*** Block opens ***
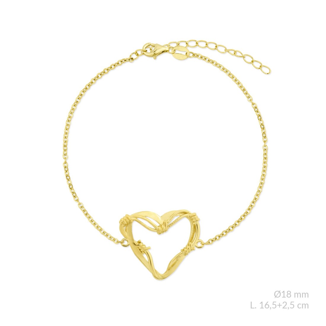 Pulsera de Plata de Ley chapada en oro con un corazón y alambre de espino.
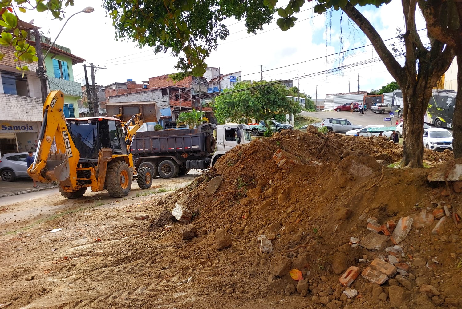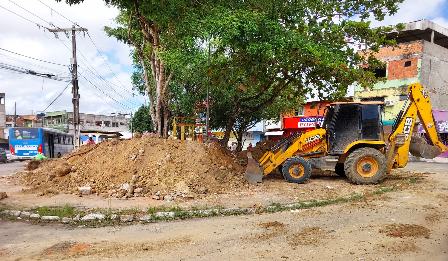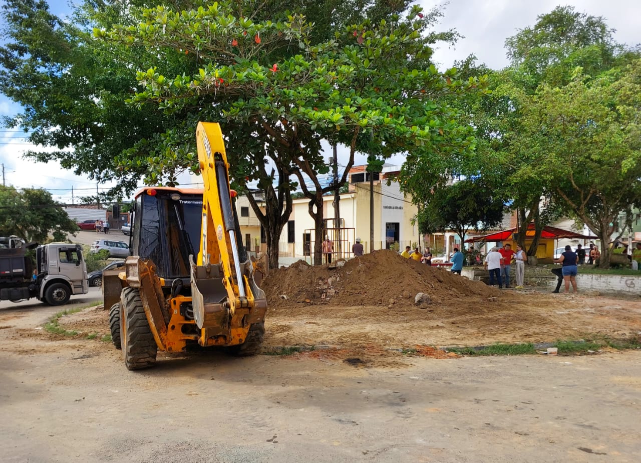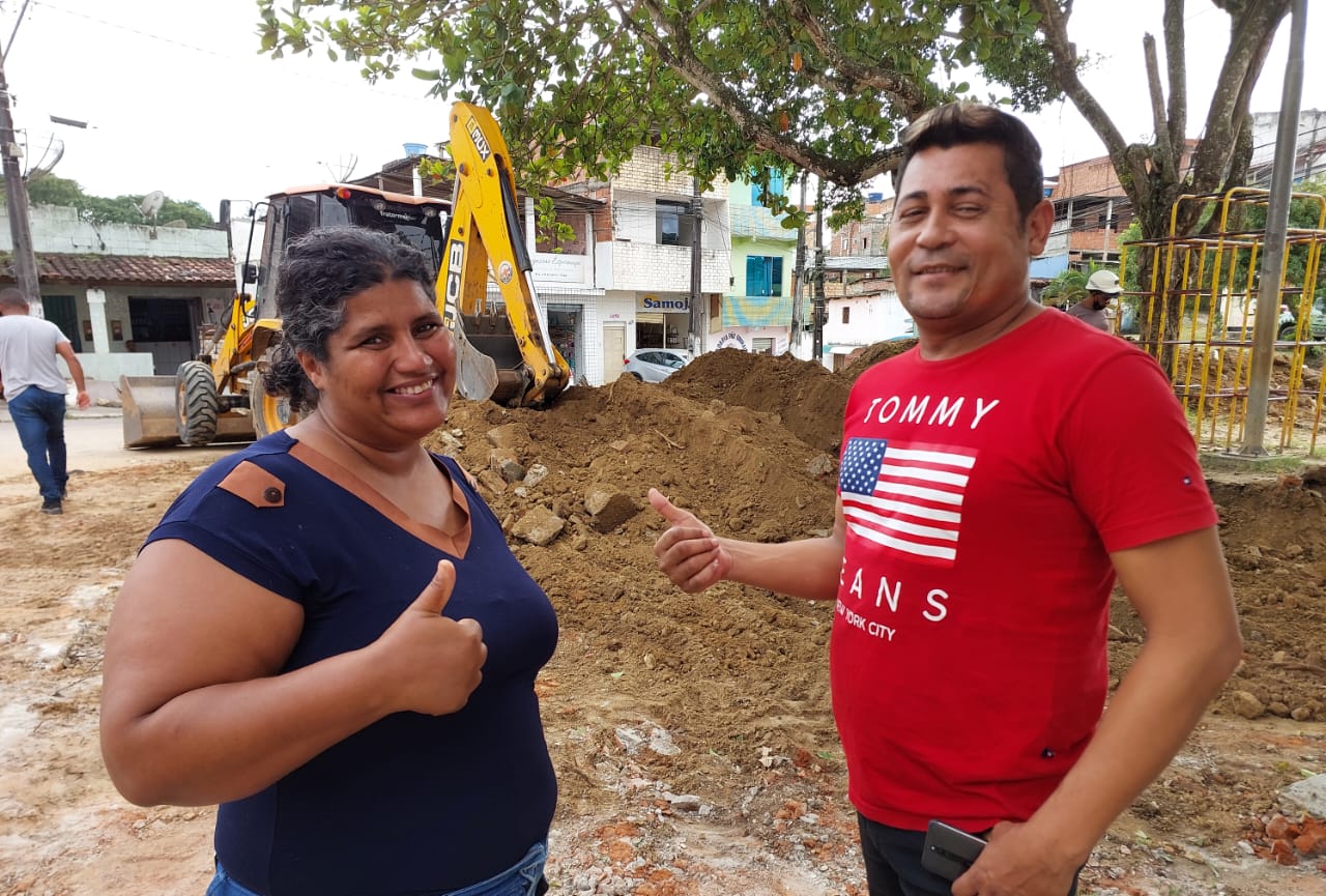 Legendas: 1. Prefeitura de Itabuna inicia obra de requalificação da praça do Santa Inês 2. Comerciante Lucinélia de Jesus Rocha e o professor Liandro Portela satisfeitos com obra na praça do Santa Inês – Fotos Pedro Augusto
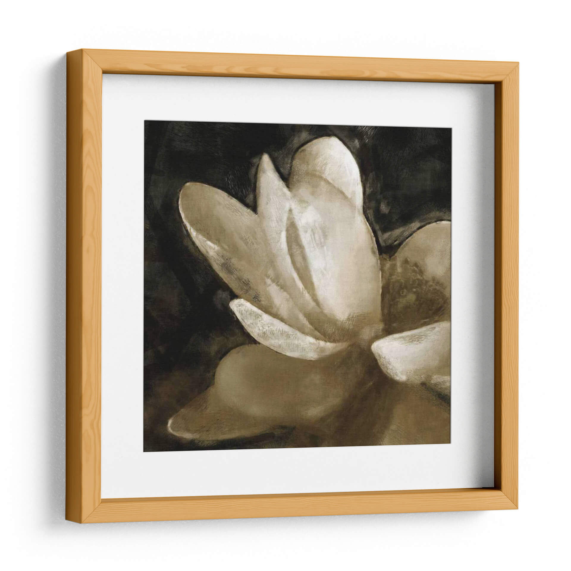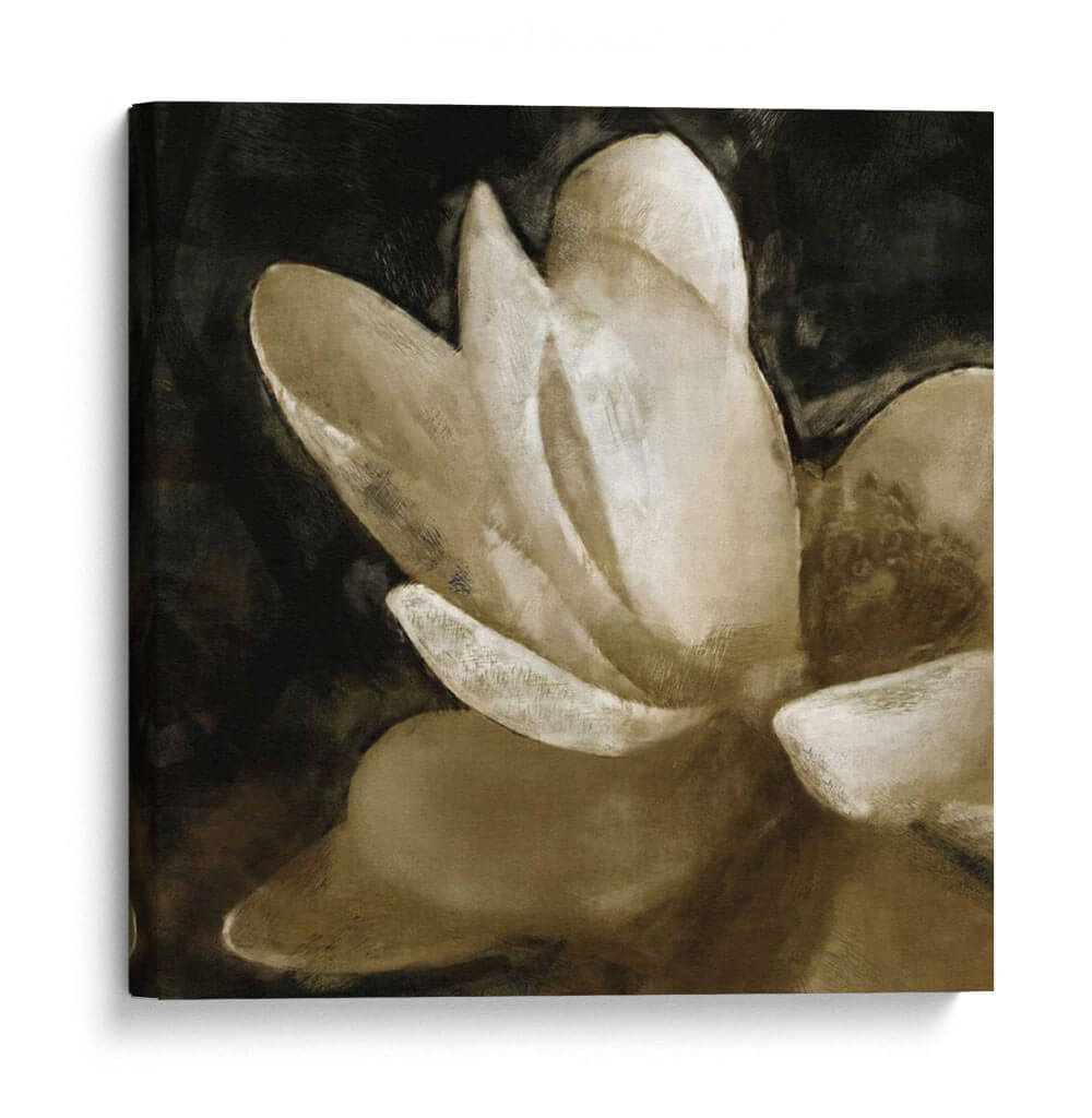 Sumérgete en la elegancia serena de "Lirio de Bronce V", una obra de arte contemporáneo que captura la delicadeza de una flor en plena floración. El artista Noah Bay utiliza una paleta de colores sofisticada, dominada por tonos sepia y ocres, que contrastan sutilmente con un fondo oscuro y profundo, creando un efecto dramático y a la vez íntimo. Las pinceladas expresivas y la composición audaz de esta pieza la convierten en un punto focal cautivador para cualquier espacio. Ideal para quienes buscan añadir un toque de naturaleza estilizada y un aire de tranquilidad a su hogar u oficina, este cuadro decorativo evoca calma y contemplación. Su estilo artístico, que fusiona lo figurativo con toques abstractos, permite que se integre armoniosamente en diversas decoraciones, desde las más clásicas hasta las vanguardistas. "Lirio de Bronce V" no es solo una imagen, sino una invitación a la introspección y a la apreciación de la belleza efímera, transformando cualquier pared en una galería personal llena de estilo y emoción.
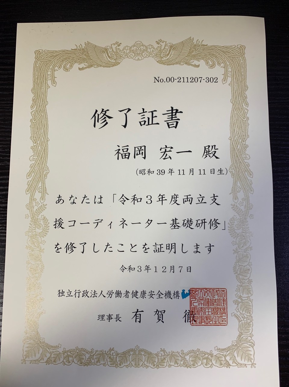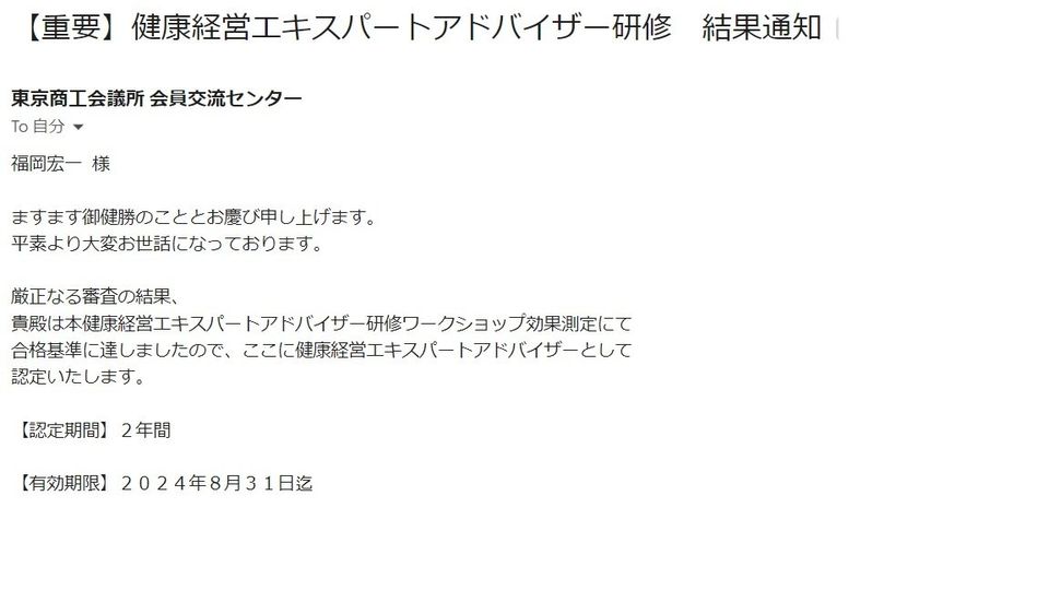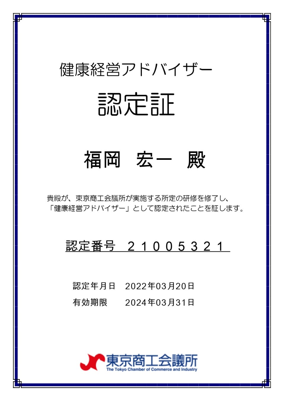 健康経営エキスパートアドバイザーに認定されました。健康経営エキスパートアドバイザーは健康経営に取り組む中小企業に対して、課題を抽出・整理し、課題解決に必要な取り組みを企業等に提案しサポートをしていきます。
*** Block closes ***
**WHAT IS REQUIRED:** Copy exactly, and copy nothing else: the lines from the start of the data above through the line that holds "Legendas: 1. Prefeitura". The pictures stay out.

**SOLUTION TO THIS TASK:**
 Pulsera de Plata de Ley chapada en oro con un corazón y alambre de espino.
 Legendas: 1. Prefeitura de Itabuna inicia obra de requalificação da praça do Santa Inês 2. Comerciante Lucinélia de Jesus Rocha e o professor Liandro Portela satisfeitos com obra na praça do Santa Inês – Fotos Pedro Augusto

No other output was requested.